=== About this exercise ===
For each line in the data below that holds "fabric", return a copy.

:: Entries shown

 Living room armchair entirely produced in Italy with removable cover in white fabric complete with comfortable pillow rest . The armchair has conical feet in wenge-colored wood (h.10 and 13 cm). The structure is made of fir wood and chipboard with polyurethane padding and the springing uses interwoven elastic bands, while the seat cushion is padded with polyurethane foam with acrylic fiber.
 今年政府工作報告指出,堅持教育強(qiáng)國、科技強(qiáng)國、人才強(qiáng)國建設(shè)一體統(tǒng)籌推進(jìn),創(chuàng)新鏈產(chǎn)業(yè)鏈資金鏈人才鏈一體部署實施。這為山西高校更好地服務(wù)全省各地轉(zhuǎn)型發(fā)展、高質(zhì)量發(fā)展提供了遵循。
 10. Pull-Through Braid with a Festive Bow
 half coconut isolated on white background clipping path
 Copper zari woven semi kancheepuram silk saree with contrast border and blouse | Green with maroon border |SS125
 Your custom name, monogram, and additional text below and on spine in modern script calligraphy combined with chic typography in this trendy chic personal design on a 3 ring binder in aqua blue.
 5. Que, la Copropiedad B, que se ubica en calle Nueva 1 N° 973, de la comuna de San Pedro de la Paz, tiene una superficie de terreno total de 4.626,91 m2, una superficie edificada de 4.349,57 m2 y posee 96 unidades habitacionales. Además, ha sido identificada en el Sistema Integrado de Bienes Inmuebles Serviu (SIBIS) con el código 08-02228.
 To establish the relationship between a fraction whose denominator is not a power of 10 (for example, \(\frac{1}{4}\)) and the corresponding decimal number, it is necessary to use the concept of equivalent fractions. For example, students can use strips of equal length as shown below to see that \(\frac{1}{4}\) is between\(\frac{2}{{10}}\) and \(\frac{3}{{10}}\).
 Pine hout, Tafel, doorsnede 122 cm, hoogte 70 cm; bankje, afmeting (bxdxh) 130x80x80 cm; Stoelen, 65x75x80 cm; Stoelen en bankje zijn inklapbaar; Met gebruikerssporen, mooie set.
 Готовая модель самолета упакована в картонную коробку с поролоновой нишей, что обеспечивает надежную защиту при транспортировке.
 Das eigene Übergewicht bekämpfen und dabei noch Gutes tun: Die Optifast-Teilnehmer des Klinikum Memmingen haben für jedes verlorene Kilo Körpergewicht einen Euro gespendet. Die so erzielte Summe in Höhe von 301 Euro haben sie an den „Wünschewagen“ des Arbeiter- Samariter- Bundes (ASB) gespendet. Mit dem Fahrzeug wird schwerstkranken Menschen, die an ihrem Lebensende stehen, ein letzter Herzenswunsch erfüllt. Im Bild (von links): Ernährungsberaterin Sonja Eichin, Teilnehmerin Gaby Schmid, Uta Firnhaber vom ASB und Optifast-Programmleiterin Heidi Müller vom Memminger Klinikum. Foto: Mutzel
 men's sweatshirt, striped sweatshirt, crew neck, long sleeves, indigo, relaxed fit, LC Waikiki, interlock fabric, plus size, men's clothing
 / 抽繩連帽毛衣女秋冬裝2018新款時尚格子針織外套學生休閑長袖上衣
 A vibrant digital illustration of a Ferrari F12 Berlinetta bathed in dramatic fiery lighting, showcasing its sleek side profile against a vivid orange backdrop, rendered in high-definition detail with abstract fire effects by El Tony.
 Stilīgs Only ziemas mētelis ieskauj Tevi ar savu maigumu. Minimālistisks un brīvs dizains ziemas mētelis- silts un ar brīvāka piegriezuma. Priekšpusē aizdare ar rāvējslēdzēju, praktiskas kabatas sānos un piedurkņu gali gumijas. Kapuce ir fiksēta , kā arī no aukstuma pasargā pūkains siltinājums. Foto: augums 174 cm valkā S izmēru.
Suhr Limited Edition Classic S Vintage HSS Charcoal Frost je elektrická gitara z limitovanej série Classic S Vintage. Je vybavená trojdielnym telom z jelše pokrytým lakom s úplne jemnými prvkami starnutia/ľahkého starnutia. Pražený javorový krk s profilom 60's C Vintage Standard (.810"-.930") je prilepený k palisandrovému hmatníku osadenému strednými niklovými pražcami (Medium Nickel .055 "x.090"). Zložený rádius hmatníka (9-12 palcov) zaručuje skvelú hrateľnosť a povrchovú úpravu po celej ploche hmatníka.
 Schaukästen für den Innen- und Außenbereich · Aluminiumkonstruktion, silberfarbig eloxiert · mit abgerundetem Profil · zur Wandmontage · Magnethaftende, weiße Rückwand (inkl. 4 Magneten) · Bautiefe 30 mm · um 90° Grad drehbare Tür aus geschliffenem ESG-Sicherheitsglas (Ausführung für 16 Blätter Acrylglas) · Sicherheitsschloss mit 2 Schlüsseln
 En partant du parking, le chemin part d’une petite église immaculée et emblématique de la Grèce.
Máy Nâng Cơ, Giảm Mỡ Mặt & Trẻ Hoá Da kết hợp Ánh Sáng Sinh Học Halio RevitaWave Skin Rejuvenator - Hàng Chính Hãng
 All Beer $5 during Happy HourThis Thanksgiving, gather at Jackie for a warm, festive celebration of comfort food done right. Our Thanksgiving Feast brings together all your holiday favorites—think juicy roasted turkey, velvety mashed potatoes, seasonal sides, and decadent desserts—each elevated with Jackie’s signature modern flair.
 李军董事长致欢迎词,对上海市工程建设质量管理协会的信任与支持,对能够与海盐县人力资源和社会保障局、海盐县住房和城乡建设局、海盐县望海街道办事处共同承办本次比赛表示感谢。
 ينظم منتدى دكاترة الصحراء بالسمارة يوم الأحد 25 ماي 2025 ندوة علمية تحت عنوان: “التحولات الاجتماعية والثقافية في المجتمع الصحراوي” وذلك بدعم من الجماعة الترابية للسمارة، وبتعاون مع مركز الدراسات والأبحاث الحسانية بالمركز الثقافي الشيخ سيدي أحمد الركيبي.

::::

=== Output of the exercise ===
 Living room armchair entirely produced in Italy with removable cover in white fabric complete with comfortable pillow rest . The armchair has conical feet in wenge-colored wood (h.10 and 13 cm). The structure is made of fir wood and chipboard with polyurethane padding and the springing uses interwoven elastic bands, while the seat cushion is padded with polyurethane foam with acrylic fiber.
 men's sweatshirt, striped sweatshirt, crew neck, long sleeves, indigo, relaxed fit, LC Waikiki, interlock fabric, plus size, men's clothing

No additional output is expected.